And then I stop and look around, stop and let it all soak in. This is the last Halloween at the Naughty Pine, and Halloween here is something beyond special. This is the night when regulars and lovers of New York City dress up as the people who used to call this bar their home. It’s the history of the city come to life. Mock Duck is sitting at Table 107 with Bruce Lee. Tom Waits is necking with Louise Brooks at Table 104. The Sidesaddle Booth has about twenty female aviators crammed into it, everyone from Amelia Earhart to Pancho Barnes. Eliza Gilbert, alias Lola Montez, is doing Irish car bombs with Marilyn Monroe and Lily Langtry. The Mohican Round Table is applauding as Little Egypt dances with Adele Astaire. Bob Dylan and Stephen Foster are writing a song together. Mina Loy and Myrna Loy are watching Elsa von Freytag-Loringhoven tie Harry Houdini into a straitjacket. Joe Kennedy and Big Joe Little are cutting a deal to get JFK into the White House. Evelyn Nesbit is hanging on Nikolai Tesla’s shoulder while Romany Marie is nibbling Thomas Edison’s right ear. Alexander Hamilton is trying to seduce Rickie Lee Jones. Aaron Burr has Veronica Lake in his lap. Marcel Duchamp is sketching Jack Kerouac’s profile. Harry Longbaugh (aka The Sundance Kid) and Etta Place are playing poker with PT Barnum. JB Hatfield is dealing faro to Bugsy Siegel and Bill The Butcher. And Samantha Seaton is sashaying from table to table with Errol Flynn on one arm and Sean Flynn on the other (she slept with them both, after all). God, I’m going to fucking miss this place.

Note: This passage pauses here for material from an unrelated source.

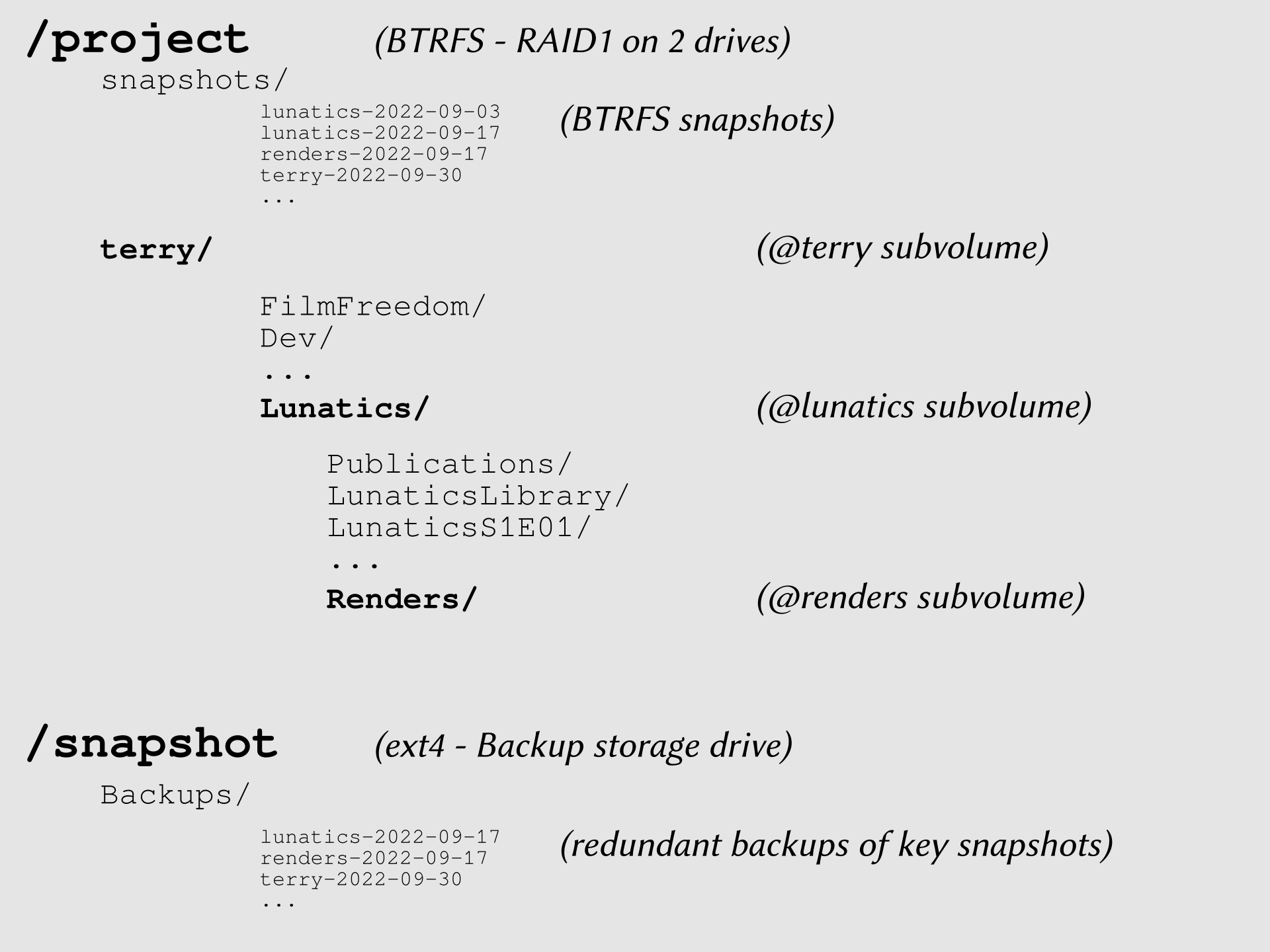As I understand it, with this configuration, snapshots of ‘terry’ will not contain Lunatics or Renders content, but only the other regular folder content in that subvolume. Snapshots of ‘lunatics’ will have the regular folders under ‘Lunatics’, but not the ‘Renders’ subvolume.

Given the play I’ve seen tonight, there’s only one place I want to sit, and luckily there’s room for the two of us next to Leon Trotsky and Margaret Sanger. This is Table 116, where—on March 26, 1917—John Reed, Louise Bryant, Emma Goldman, and Sanger (to whom Reed had just sold his Cape Cod cottage) took Trotsky out to dinner before he sailed back to Russia the next morning. Trotsky had been living in the Bronx for the last three months, having been deported from France to Spain because of his revolutionary activities, and then from Spain to the United States because, as the Professor likes to say, “Spain was like the Staten Island of its day, getting all the human garbage the rest of Europe didn’t want.” Reed and Bryant followed Trotsky to Russia in August; Goldman was charged with conspiracy to induce people not to register for the draft in June, and sentenced to two years in prison; and Sanger was stuck with the bill.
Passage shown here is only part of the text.